Chris Hendriksz, consultant in Metabolic Disorders, Birmingham Children's Hospital, added, "This is a very exciting announcement for our patients who have been waiting so long for a potential therapy. Hope of a therapeutic is now within reach for these patients, and Birmingham Children's Hospital is very honoured to be part of this exciting development."

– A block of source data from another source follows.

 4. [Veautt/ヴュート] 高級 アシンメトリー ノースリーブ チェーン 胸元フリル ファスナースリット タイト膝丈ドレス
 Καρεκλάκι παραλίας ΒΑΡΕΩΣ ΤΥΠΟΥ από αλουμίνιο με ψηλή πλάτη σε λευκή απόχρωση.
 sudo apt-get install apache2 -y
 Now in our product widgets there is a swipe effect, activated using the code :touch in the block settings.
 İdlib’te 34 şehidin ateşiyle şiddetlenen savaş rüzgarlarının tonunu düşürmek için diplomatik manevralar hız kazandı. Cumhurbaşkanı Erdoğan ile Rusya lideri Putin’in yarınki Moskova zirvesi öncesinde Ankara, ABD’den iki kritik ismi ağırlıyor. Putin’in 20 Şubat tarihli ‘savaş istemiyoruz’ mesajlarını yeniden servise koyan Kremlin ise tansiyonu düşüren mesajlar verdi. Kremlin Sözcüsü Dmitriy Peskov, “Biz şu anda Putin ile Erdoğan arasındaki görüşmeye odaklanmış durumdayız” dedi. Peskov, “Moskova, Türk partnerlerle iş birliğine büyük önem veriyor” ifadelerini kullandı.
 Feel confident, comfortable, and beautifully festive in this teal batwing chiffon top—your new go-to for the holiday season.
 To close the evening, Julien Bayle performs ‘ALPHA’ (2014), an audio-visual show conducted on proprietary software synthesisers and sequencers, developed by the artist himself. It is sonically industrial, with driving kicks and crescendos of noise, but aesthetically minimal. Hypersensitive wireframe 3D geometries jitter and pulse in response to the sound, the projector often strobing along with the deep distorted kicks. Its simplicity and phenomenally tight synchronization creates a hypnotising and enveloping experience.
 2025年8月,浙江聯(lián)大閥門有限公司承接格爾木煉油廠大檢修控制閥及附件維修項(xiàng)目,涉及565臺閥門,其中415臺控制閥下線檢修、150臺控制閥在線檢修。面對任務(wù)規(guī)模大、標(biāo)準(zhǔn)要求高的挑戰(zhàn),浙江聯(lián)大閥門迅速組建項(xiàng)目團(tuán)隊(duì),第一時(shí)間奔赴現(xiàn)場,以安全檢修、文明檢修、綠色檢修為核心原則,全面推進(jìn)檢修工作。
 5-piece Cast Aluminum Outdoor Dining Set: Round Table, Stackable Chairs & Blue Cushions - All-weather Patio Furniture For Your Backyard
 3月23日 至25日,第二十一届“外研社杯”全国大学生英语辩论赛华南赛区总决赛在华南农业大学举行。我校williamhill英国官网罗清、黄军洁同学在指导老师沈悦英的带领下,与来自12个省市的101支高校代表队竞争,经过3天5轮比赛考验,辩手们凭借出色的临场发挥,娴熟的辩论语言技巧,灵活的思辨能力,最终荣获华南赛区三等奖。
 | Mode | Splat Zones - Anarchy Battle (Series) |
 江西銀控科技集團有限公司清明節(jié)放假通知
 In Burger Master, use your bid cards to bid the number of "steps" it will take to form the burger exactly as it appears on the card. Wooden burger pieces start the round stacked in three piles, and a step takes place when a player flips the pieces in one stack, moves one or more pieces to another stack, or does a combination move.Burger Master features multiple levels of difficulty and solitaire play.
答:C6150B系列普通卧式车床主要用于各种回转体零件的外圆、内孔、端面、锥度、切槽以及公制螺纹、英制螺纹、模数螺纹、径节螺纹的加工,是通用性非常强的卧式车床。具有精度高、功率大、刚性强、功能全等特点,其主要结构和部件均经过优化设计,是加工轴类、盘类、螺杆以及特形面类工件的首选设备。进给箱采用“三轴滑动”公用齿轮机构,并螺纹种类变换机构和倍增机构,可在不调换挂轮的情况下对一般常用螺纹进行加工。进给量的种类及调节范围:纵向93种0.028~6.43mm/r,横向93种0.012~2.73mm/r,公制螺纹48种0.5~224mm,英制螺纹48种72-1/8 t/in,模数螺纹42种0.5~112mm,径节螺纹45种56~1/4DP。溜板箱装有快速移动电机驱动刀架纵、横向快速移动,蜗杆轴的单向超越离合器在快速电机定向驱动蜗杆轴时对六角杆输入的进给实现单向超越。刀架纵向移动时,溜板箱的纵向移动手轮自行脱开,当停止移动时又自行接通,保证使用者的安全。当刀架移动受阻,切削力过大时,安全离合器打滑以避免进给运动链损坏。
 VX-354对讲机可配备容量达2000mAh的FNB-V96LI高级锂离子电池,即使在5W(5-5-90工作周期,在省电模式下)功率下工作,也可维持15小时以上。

The phase-1/2 study is designed as an open-label, within-patient dose escalation trial in approximately 20 patients followed by a treatment continuation phase. All patients to be enrolled in the study have already been identified. During the dose escalation phase of the study, subjects will receive weekly intravenous infusions of BMN-110 in three consecutive 12-week dosing intervals. The objectives of the Phase 1/2 study will be to evaluate safety, pharmacokinetics, pharmacodynamics and to identify the optimal dose of GALNS for future studies.

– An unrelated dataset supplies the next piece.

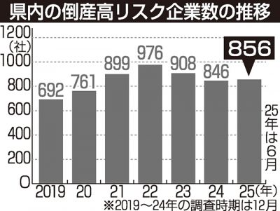 2025/10/15経済一般企業が1年以内に倒産する確率を示す指標「倒産予測値」を帝国データバンクが算出(6月時点)したところ、県内の企業は全体の5.4%に当たる856社が「高リスク企業」で、半年前に実施した前回調査(昨年12月時点)から10社増加した。業種別では製...
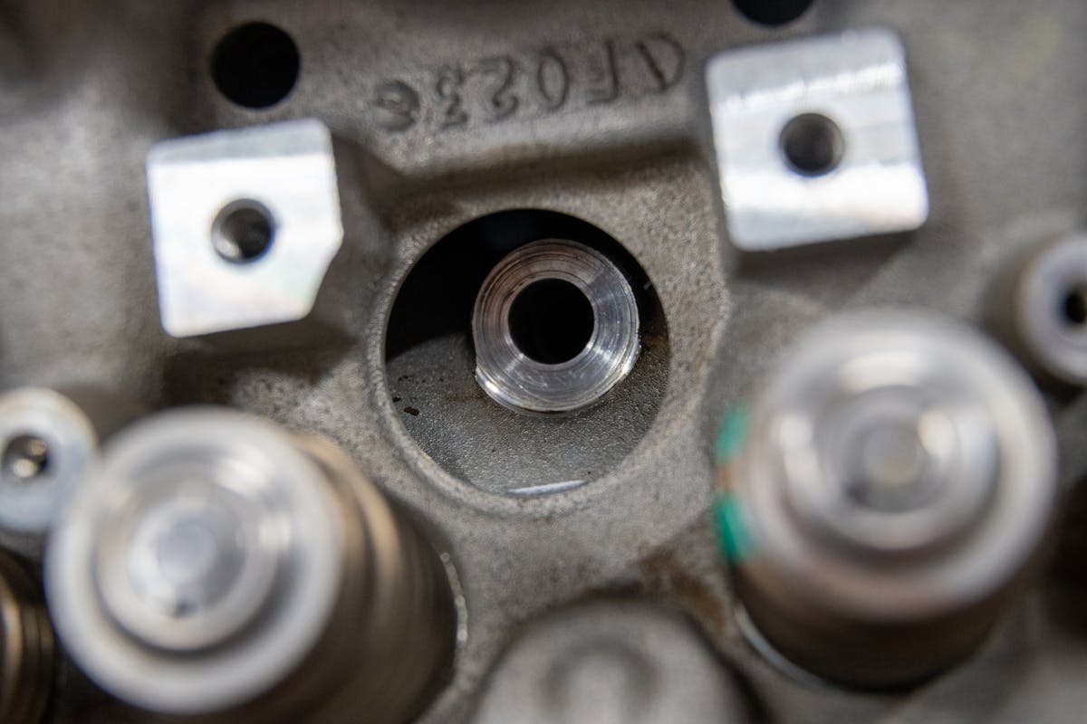 After we had the surface of the heads cleaned up, we then moved our attention to the combustion chambers. The easiest way to tackle the carbon build-up here was to spray the Scotch-Brite pads with brake cleaner and scrub each chamber down until you’re happy with the results. This process takes a while but is relatively easy and nets good results.

BioMarin has developed and manufactures two FDA-approved enzyme replacement therapies, one for the treatment of MPS I and one for the treatment of MPS VI. Naglazyme (galsulfase) for MPS VI is wholly developed and commercialized by BioMarin. Aldurazyme (laronidase) for MPS I is manufactured by BioMarin and marketed by Genzyme Corporation.
Mucopolysaccharidosis IVA (MPS IVA, also known as Morquio A Syndrome) is a disorder characterized by deficient activity of N-acetylgalactosamine 6-sulfatase (GALNS) causing excessive lysosomal storage of keratan sulfate (KS).
BioMarin develops and commercializes innovative biopharmaceuticals for serious diseases and medical conditions.